Wednesday, March 12, 2008

"The sun never sets": Empire and Trade

A globalisation post that seeks to at least illustrate that globalisation is not a recent phenomenon. Famously, writer John Wilson once said of the British empire:

"His Majesty's dominions, on which the sun never sets,"

which was then simplified to ""the sun never sets on the British Empire."

All of which brings us back to the effect of empire on trade. In once sense the answer is obviously yes and probably to a significant extent. The reasons are also intuitively obvious - reduced transaction costs, common language, no trade barriers and of course, and relevant to today's Euro debate, a common currency.
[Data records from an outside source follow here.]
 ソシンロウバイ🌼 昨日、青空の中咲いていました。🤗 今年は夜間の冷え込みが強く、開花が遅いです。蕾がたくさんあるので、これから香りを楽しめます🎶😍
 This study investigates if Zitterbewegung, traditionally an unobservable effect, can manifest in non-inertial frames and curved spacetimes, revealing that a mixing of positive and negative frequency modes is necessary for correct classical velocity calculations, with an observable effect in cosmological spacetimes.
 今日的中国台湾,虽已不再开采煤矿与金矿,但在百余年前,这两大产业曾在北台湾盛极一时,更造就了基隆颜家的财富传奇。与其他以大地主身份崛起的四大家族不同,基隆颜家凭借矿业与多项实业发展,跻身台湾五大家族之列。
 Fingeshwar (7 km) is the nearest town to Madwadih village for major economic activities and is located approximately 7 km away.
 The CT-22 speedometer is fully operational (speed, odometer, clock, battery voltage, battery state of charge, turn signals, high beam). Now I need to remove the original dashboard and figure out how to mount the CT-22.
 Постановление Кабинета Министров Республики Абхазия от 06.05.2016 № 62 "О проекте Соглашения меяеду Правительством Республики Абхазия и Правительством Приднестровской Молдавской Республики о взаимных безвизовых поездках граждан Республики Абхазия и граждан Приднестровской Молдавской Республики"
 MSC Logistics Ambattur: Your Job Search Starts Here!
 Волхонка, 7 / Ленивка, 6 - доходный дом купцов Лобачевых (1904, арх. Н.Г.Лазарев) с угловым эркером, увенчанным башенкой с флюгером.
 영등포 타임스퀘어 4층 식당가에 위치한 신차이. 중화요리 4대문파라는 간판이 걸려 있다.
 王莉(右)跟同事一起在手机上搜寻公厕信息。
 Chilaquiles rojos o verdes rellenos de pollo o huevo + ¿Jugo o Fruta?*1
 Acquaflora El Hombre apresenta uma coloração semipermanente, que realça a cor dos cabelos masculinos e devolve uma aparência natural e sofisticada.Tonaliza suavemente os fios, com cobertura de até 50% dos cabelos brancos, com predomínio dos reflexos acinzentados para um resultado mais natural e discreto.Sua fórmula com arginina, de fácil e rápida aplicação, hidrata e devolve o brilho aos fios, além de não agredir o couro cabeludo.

This new NBER paper uses a standard gravity approach to examine this issue.


Trade and Empire

Santa Clara University - Department of Economics; National Bureau of Economic Research (NBER)
Claremont McKenna College; National Bureau of Economic Research (NBER) January 2008

NBER Working Paper No. W13765

Although many modern studies find large and significant effects of prior colonial status on bilateral trade, there is very little empirical research that has focused on the contemporaneous impact of empire on trade. We employ a new database of over 21,000 bilateral trade observations during the Age of High Imperialism, 1870-1913, to quantitatively assess the effect of empire on trade. Our augmented gravity model shows that belonging to an empire roughly doubled trade relative to those countries that were not part of an empire. The positive impact that empire exerts on trade does not appear to be sensitive to whether the metropole was Britain, France, Germany, Spain, or the United States or to the inclusion of other institutional factors such as being on the gold standard. In addition, we examine some of the channels through which colonial status impacted bilateral trade flows. The empirical analysis suggests that empires increased trade by lowering transactions costs and by establishing trade policies that promoted trade within empires. In particular, the use of a common language, the establishment of currency unions, the monetizing of recently acquired colonies, preferential trade arrangements, and customs unions help to account for the observed increase in trade associated with empire.